为什么此C ++函数会产生混乱的输出？

Question

I have the following code:

int main ( int argc, char **argv ){
double lambda = 4;
double x = .2;

for ( int i=1; i<=30; i++ )
  {
    printf( "%.5f \n", x );
    x = lambda * x * (1-x);
  }           
}

That outputs the following:

0.20000 0.64000 0.92160 0.28901 0.82194 0.58542 0.97081 0.11334 0.40197 0.96156 0.14784 0.50392 0.99994 0.00025 0.00098 0.00394 0.01568 0.06174 0.23173 0.71212 0.82001 0.59036 0.96734 0.12638 0.44165 0.98638 0.05374 0.20342 0.64815 0.91221

My question is: What is the most apt algorithmic/mathematical description for the manner in which 'x' is being manipulated every iteration?

Answer 1

For each iteration of the loop, the variable x is assigned a new value based on some calculation involving the old value of x . The variable i is used simply to limit the number of times this calculation repeats.

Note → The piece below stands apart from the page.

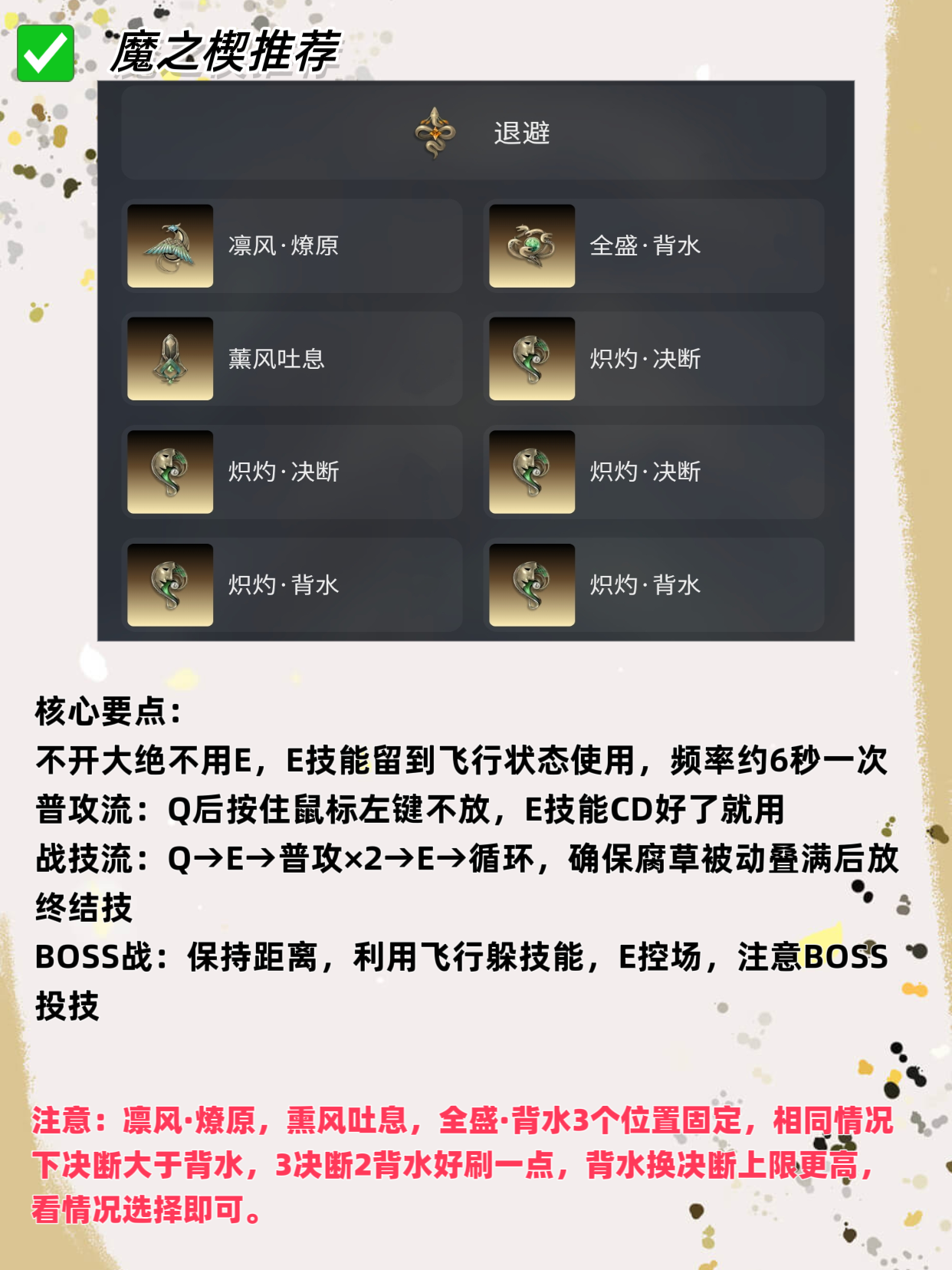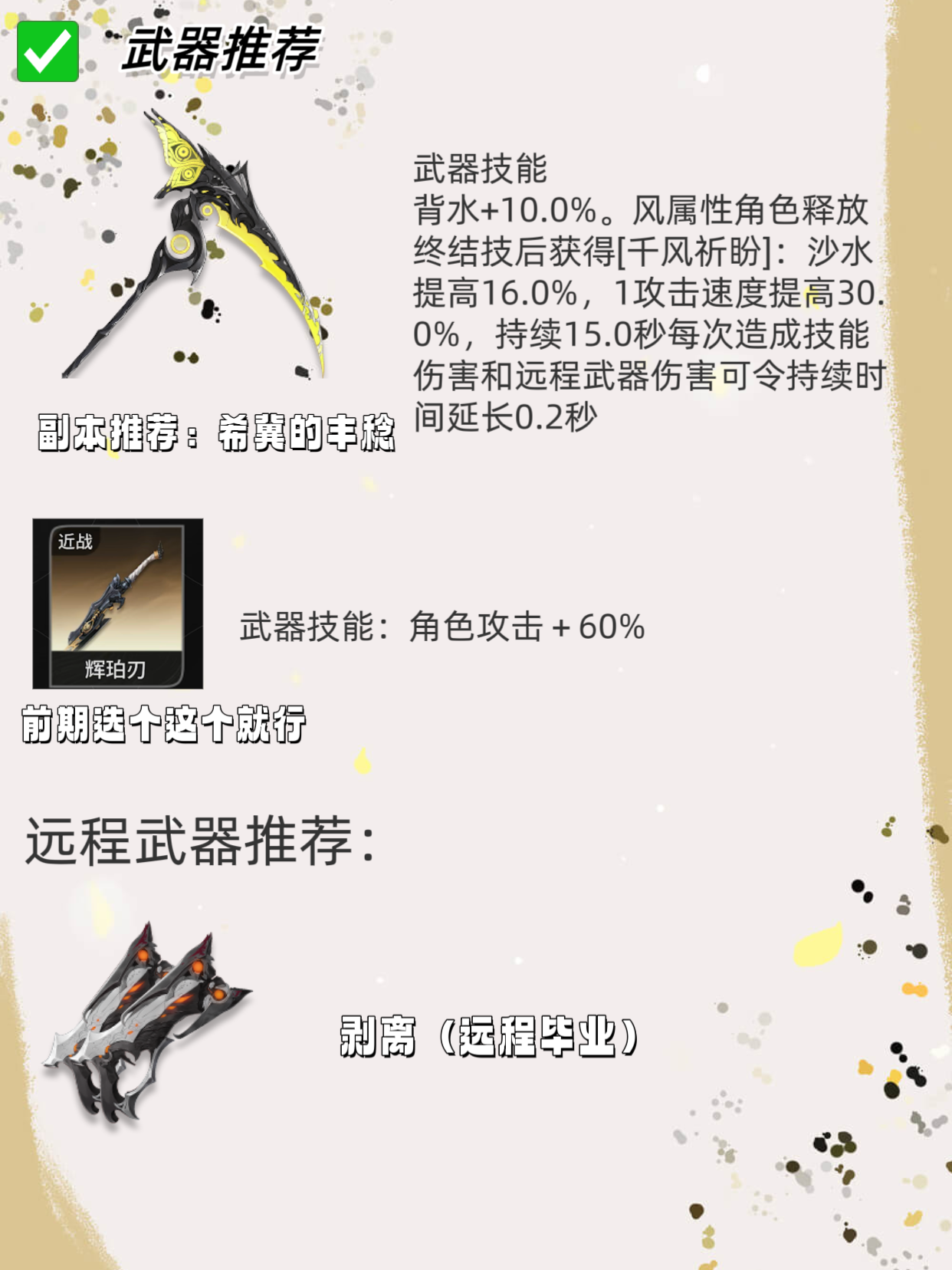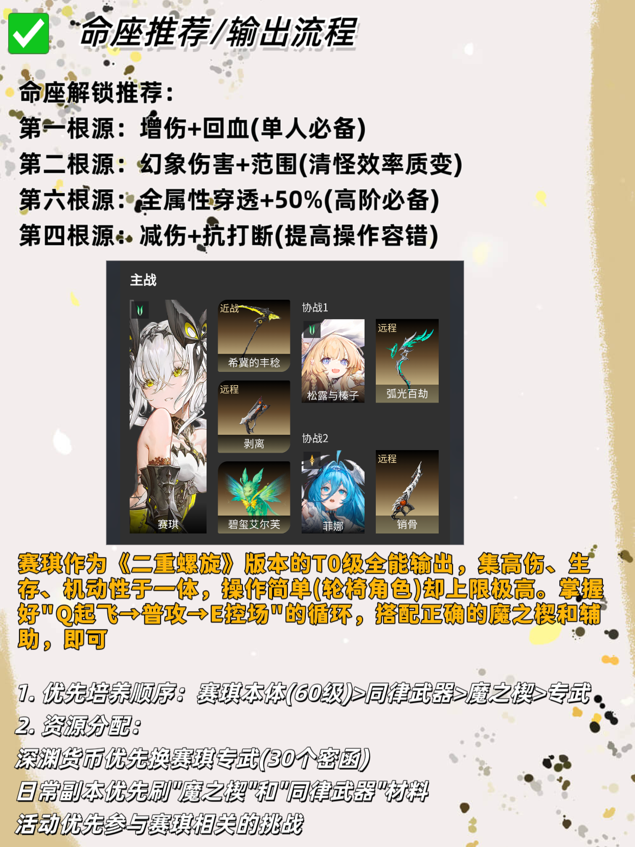 赛琪是T0级风属性输出角色,被誉为"最强轮椅",具有飞行规避伤害和高爆发两大核心优势。1. 普攻流(推荐)适用场景:单体BOSS战、高难副本,输出上限最高核心思路:破茧后按住鼠标左键持续普攻,E技能6秒左右释放一次利用追袭MOD的追加伤害(独立乘区)和鳞粉印记增伤1. 武器选择毕业首选:希冀的丰稔(专武)→提供90%技能威力和背水效果过渡选择:枯朽→主线或密函获取新手过渡

Similarly, you can change the value of x (without using i ) in a much simpler way:

x = x + 1;

Use that instead of the x = lambda * x * (1-x); line and observe how the value increases.

Answer 2

You are using x in the following statement x = lambda * x * (1-x); . This way x value changes on every iteration.

Answer 3

The "i" in the for loop is known as the iteration variable, which means it will be used as a counter for keeping track of the no. of iterations of the loop.

Whereas, the "x" is the variable which you want to play with in the loop.

You can try printing both the values of i and x in the loop to understand the concepts of iteration.